= Melissa Ferguson =

American psychology professor

Melissa J. Ferguson is an American professor of psychology and was a Senior Associate Dean of Social Sciences at Cornell University before becoming a professor at Yale University in 2020. She is known for her work on how people form and evolve their interpretations of social events, and how people recognize and evaluate information like fake news. Ferguson's research shows that information consumers can avoid misinformation by focusing on the quality of its source.

University of Chicago postdoctoral researcher Stav Atir authored a 2018 study with Ferguson that was published in Proceedings of the National Academy of Sciences of the United States of America. The study examined the tendency for people to refer to male professionals by their last names far more often than female professionals. The research suggests that the practice of referring to a professional by only their last name confers greater authority and fame, thus placing women at a disadvantage.

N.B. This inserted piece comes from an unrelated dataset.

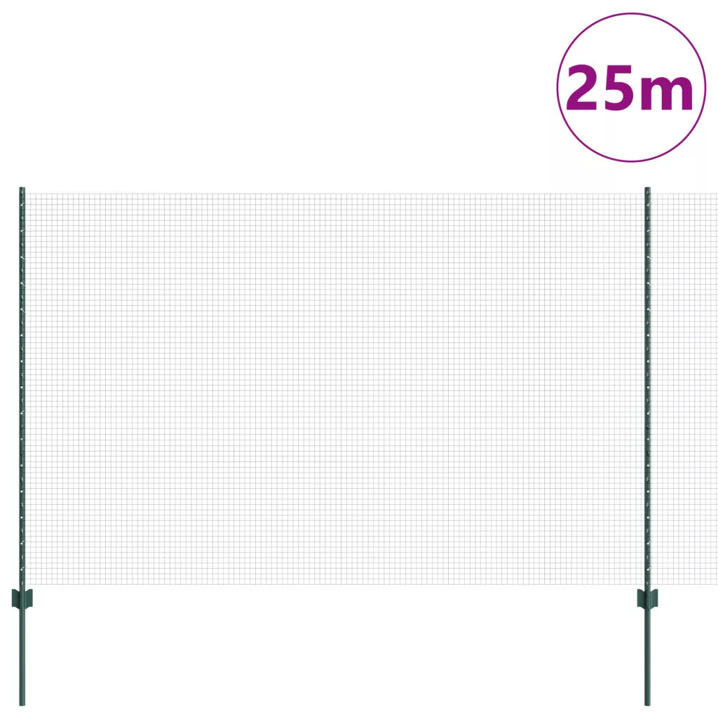 Hegesztett Háló Kerítés 11 U Oszloppal Zöld 1.5x25 m Acél

Ferguson led the 2019 implementation of the Cornell Center for Social Sciences, a public policy organization, with Christopher Wildeman.

==Education==
- Ph.D. 2002 Psychology, New York University Major area: Social Psychology Concentration: Quantitative Psychology
- M.S. 1997 Psychology, The Pennsylvania State University
- B.A. 1994 Psychology, University of Vermont

==Selected publications==
- Bargh, John A. (2000). "Beyond behaviorism: On the automaticity of higher mental processes."
- Swim, Janet K. (2001). "Everyday Sexism: Evidence for Its Incidence, Nature, and Psychological Impact From Three Daily Diary Studies"
- Ferguson, Melissa J. (2004). "Liking Is for Doing: The Effects of Goal Pursuit on Automatic Evaluation."